Zillah Eisenstein

My writings, thoughts, and activism.

Decoding the Sonia S. Hearings

Decoding the Sonia S. Hearings
Zillah Eisenstein
Professor of Politics
Ithaca College
July 19, 2009
Author of the forthcoming: The Audacity of Races and Genders, A personal and global
story of the Obama Election, Zed Press, and Palgrave, 2009. See: http://www.ithaca.edu/zillah
for a listing of her many books and political activism.
The confirmation hearings of Sonia S. were orchestrated as political
gamesmanship. Everyone watching was expected to accept the evasive and coded
language. Senators of the judiciary committee kept speaking as though race is Black or
Brown or Latina, but never white. They challenged Sotomayor on her views about race
and most often kept her gender, all together irrelevant and silent. Maybe the issue of
gender is too tied to whiteness for them; as though gender is about white women, and
therefore had no “standing” in this instance.
The Senate judiciary hearings were not really meant to be about Sonia Sotomayor
the person, or the judge. As a consequence the proceedings revealed more about how
some white men remain racially ignorant and arrogant than about what Sonia S. thinks
about the major issues of these times. These Senators assume their privileged site of
(white) power is “objective”, rational, and not empathetically compromised. They
posture and presume that law demands rationality and fairness and that means that a
“Latina woman” is compromised if she embraces this heritage and identity. Sonia S. is
asked to promise to act like white men, supposedly act.

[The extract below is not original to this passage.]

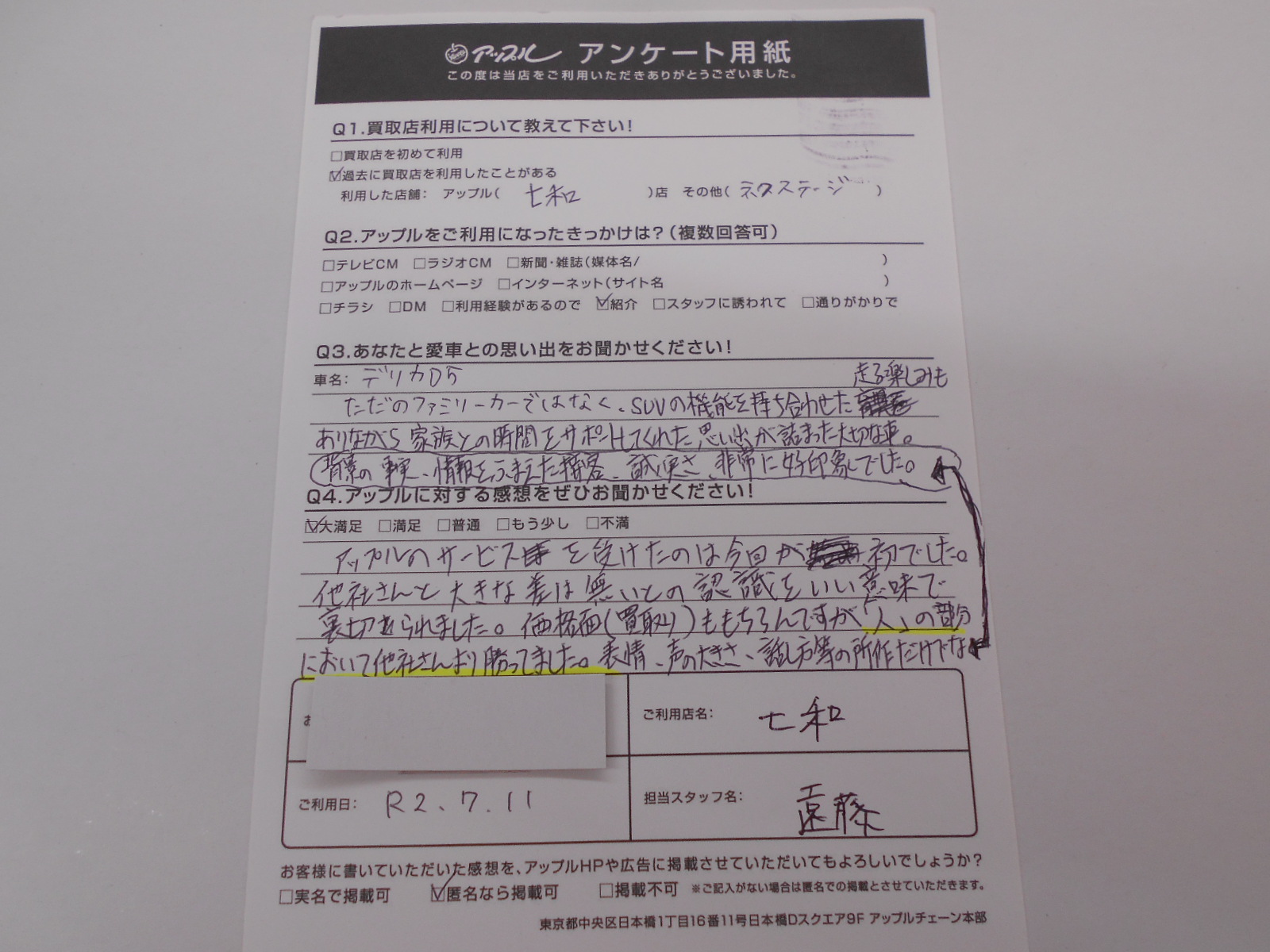 アップルさんのサービスを受けたのは今回が初でした。他社さんと大きな差は無いとの認識をいい意味で裏切られました。価格面(買取り)ももちろんですが「人」の部分において他社さんより勝ってました。表情、声の大きさ、話し方等お所作だけではなく背景の事実、情報をふまえた接客、誠実さ非常に好印象でした。

And, Sonia S. quietly gave a
nod in this direction.
I loved the controversial statement by Sotomayor: that a “Latina woman” will
make better decisions, have more nuanced and complex consciousness, than a white man.
Similar to most “rational” people, I knew she probably did not mean “better”, but rather a
more “complex” more “inclusive” vision. She repeatedly said that she did not mean that
this “Latina-woman’s” stance was automatic, or inherent, but was a probability. I
thought it was great that she had said all this. Yet, these white men would not let such a
statement stand.
I was disappointed to hear Sonia S. backtrack from this important position and
apologize for her words in the last day of the hearings. She said she did not mean what
people were saying she meant. She said she meant to insult no one by her words, and
apologized for doing so. She said that her phrasing was “rhetorical flourish” that she now
regrets. She said that she had used these words while addressing girls and women, many
of whom were Latina, to inspire them.
I wish Sonia S. had tried to inspire the rest of the country and stood by her
statement and then explained her meaning more fully. I wish she had braved the moment
and clarified her thinking about power and its relationship to knowledge. I wish she had
said that from the site of power, one sees less because most powerful people do not look to see from other vantages than their own. In contrast, less powerful people have to look
beyond themselves because they must know what those more powerful than them
expect/demand from them.
One must look from more vantage points the less power one has, because success
and/or survival depend on this. One must know what the people with more power want so
one can try to do what is expected. There is a connection between power and knowledge:
the less power you have, the more knowledge you must discover and use. So a “Latina
woman” is usually ahead of the white man when it comes to seeing and understanding a
set of “facts”. She has had to learn how to see and know more to just get by, or to
The Senate hearings were a disappointment and troubling and not just because we
did not learn enough about Sonia S.’s legal thought. They were troubling because they
authorized a discourse of white male racial privilege in code: rationality and objectivity
must be chosen over empathy and compassion, which are too womanly, and not
lawyerlike enough. White racial and male privilege parade alongside each other here.
Sonia S.’s statement about a “Latina woman” does not deny the importance of
neutrality and objectivity but rather makes clear that neither are achievable without first
recognizing how individual experience and identity are present. If one is to achieve
justice one first must expose her own biases. Silenced identities that are hidden are the
ones that are dangerous; revealed and spoken identities can be held accountable.
Supposedly, in order to be considered worthy of the Court one must represent the
mainstream, which is code for status quo. But justices should not be of the mainstream.
They instead should be constantly examining and critiquing, especially that which is
understood as established and acceptable. This is not judicial activism, or radicalism, or
prejudice, but rather intellectual and ethical curiosity. And all kinds of people, from
outside the racial, gender, class, mainstream, are needed.
Sonia S. was said to be racist; while white men are assumed to be neutral. Before
the hearings right wing talk show hosts called her a bigot and racist. According to Rush
Limbaugh Sonia S. hates white men. Look at what she did to the white New Haven
firefighters? She judged that a test they took was unfair to Blacks and therefore an
inappropriate part of the vetting process.
Sonia S. will inevitably be confirmed as the next justice to the Supreme Court. It
would be so much more pleasing that she became the next justice without having to deny
her specific contribution as a Latina woman. This would herald an embrace of a diversity
that does not hide from the richness of our differences, nor silence the gender and racial
privilege that protects an exclusionary mainstream.